On the other hand, the biggest disadvantage of the shared ownership scheme is that all shared ownership properties are sold as leaseholds.
This means that you own the property, but you don't own the land where the property is built.
In most cases, and depending on the type of your property, you may need to pay ground rent, as well as a service charge and maintenance/management fees, which can make your monthly costs more expensive. Learn more about these extra charges and fees here.
IMPORTANT NOTE: If you reach 100% ownership, in some cases, for houses, the freehold will transfer to you. For flats, the leasehold continues, but the shared ownership obligations won't.
In addition, this is an important point to consider because the service charge and maintenance/management fees can increase unexpectedly. Make sure you know all the details!
Shared ownership pros and cons
The pros of shared ownership
- Smaller deposit and mortgage.
- More affordable.
- Possibility of increasing the ownership over the years.

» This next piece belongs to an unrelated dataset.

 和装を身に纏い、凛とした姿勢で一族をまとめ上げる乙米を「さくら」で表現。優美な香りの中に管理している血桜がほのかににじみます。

- The properties are usually new or had fewer owners.
The cons of shared ownership
- Properties are leasehold, and you may need to pay ground rent.

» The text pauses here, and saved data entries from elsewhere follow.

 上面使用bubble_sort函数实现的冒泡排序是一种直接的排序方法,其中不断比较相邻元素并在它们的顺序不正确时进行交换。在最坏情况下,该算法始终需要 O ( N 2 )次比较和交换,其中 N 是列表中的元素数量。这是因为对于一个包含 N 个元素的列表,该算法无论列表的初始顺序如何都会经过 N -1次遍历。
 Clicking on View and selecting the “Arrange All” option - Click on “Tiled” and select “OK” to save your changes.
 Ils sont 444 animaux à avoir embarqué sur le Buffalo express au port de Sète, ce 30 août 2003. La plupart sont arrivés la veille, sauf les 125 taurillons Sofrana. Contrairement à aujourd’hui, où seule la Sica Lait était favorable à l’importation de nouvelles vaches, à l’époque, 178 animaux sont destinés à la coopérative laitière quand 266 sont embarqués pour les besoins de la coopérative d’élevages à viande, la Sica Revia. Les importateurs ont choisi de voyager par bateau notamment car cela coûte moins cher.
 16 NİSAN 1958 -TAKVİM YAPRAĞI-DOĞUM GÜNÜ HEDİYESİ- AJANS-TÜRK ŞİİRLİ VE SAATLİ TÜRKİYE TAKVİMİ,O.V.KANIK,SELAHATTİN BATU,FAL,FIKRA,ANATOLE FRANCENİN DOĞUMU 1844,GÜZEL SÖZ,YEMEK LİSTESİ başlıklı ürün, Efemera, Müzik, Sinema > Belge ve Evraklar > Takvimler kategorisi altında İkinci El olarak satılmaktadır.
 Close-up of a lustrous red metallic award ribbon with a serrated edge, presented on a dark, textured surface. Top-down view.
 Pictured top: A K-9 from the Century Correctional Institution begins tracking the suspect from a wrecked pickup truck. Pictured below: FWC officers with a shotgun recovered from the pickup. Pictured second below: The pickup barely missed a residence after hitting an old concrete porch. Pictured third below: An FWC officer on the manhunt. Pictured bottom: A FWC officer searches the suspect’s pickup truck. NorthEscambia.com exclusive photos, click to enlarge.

- The selling process needs to go through the shared ownership scheme first before going to the open market.
- Depending on the property, you will need to pay a service charge and maintenance/management fees.

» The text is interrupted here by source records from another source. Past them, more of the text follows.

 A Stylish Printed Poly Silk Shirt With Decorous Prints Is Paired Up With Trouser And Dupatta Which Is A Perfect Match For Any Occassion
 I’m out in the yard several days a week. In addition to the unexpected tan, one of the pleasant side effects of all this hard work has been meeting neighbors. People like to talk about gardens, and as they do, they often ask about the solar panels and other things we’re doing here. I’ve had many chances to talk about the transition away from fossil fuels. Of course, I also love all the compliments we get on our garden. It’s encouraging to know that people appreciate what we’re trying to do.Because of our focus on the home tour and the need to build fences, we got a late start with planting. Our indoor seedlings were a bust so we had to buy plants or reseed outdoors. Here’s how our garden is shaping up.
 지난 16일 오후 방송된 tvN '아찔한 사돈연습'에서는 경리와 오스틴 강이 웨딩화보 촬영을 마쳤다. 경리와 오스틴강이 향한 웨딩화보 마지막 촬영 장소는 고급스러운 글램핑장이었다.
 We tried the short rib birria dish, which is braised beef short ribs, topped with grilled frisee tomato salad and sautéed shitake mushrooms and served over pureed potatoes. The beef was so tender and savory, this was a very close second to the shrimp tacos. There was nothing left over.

- The cost of the shares increase over time, so it gets more expensive to buy more shares and increase ownership.
What are the eligibility rules for shared ownership?
To be eligible for the shared ownership scheme, you must be at least 18 years old.
If you live outside London, your annual household income needs to be less than £80,000. If you live in London, it needs to be less than £90,000.
You don't need to be a first-time buyer to purchase a property with the shared ownership scheme, but you must not own any property at the moment of the new purchase or be in the process of selling a property. You will need to prove that.
You must have a good credit score.
You must prove that you can't afford to buy a property without the shared ownership scheme.
Finally, you can't already have any mortgages or rent arrangements.
IMPORTANT NOTE: Depending on the property you want to buy, you will have to meet certain eligibility criteria. Because the shared ownership scheme works with different housing associations, the criteria can change a lot. Some of them make it easier for people to purchase their properties, others harder. There are no guarantees that you will be accepted.
In addition, some housing associations require you to prove that you have connections to the area you want to buy the property. For example, that you have previously lived in the area, that you work in the area, that you already have family members living in the area and others.
How to buy a shared ownership property
The first step to buying a shared ownership property is to make sure you are eligible. Latest Deals have listed some of the eligibility criteria above.
After that, you will need to find a property you are interested in using the search tool from the shared ownership scheme. You can find this here.
Then, you need to create an account with Sharetobuy.com to register your interest in the property and contact the housing association responsible for the property. When you register your interest, you will receive all the information regarding that property, including a summary of costs document, which will give you an overview of how much initially it will cost to purchase the property, the expected monthly expenses and how much it will cost to buy more shares in the future.
You can also use the information below to contact them and register:
Telephone: 0300 790 0570
Midlands and London
Telephone: 0333 321 4044
South England (excluding London)
Telephone: 0800 456 1188
IMPORTANT NOTE: With time, you can purchase more shares of the property up to 100% to have full ownership, but the next shares you purchase will take into account the market value of the property at the time, which means that the values of the shares can increase over time, making it more expensive for you to own more shares.